REQUIRED WORK - Transcribe only the lines of the listing below from the one holding "Meuble TV chêne" through the one holding "Prime pagine dei quotidiani portivi", inclusive, without any change.

ENTRIES SUPPLIED -
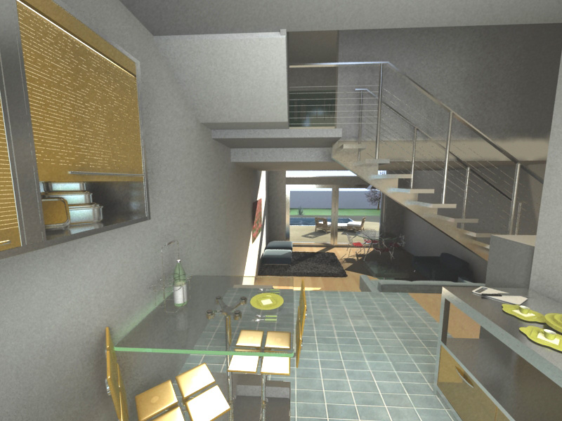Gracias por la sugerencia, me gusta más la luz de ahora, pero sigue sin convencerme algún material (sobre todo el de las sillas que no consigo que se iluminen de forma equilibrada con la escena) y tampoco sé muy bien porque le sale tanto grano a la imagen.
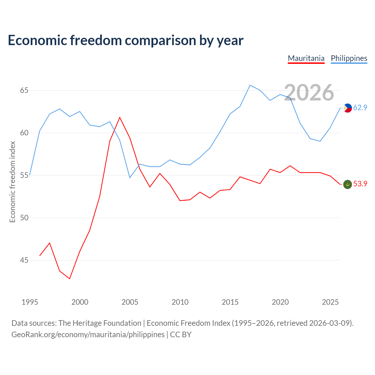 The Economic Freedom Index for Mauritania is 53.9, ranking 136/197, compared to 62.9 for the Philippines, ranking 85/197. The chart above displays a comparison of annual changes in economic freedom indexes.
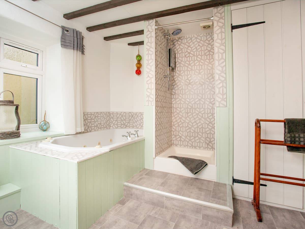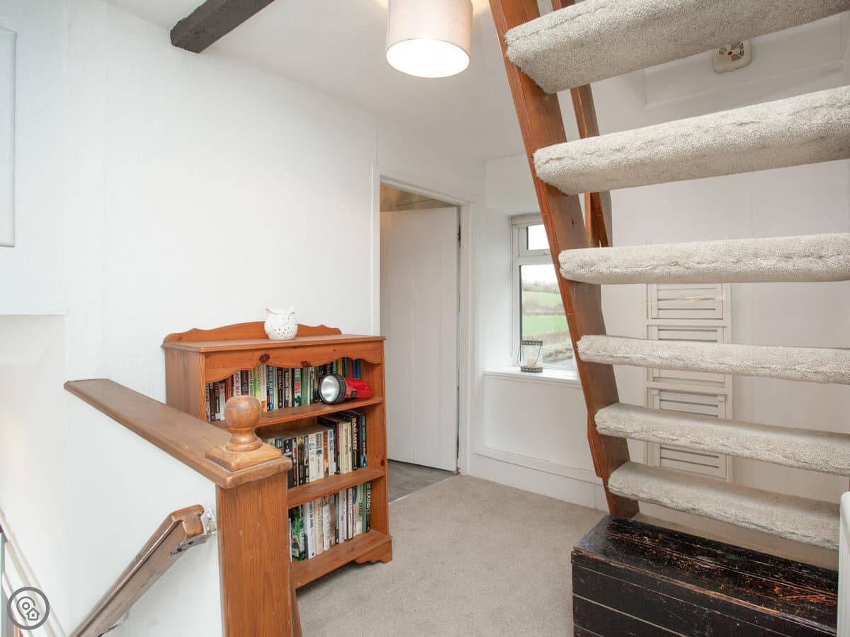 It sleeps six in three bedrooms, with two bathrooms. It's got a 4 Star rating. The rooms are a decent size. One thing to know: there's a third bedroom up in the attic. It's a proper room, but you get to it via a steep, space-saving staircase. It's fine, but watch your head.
...
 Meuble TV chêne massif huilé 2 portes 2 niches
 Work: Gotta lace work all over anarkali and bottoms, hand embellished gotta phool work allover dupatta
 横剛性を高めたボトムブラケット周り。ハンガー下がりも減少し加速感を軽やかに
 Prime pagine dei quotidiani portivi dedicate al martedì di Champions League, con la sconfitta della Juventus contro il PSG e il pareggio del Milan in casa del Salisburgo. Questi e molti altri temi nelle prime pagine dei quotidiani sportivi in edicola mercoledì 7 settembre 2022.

ANSWER SECTION -
 Meuble TV chêne massif huilé 2 portes 2 niches
 Work: Gotta lace work all over anarkali and bottoms, hand embellished gotta phool work allover dupatta
 横剛性を高めたボトムブラケット周り。ハンガー下がりも減少し加速感を軽やかに
 Prime pagine dei quotidiani portivi dedicate al martedì di Champions League, con la sconfitta della Juventus contro il PSG e il pareggio del Milan in casa del Salisburgo. Questi e molti altri temi nelle prime pagine dei quotidiani sportivi in edicola mercoledì 7 settembre 2022.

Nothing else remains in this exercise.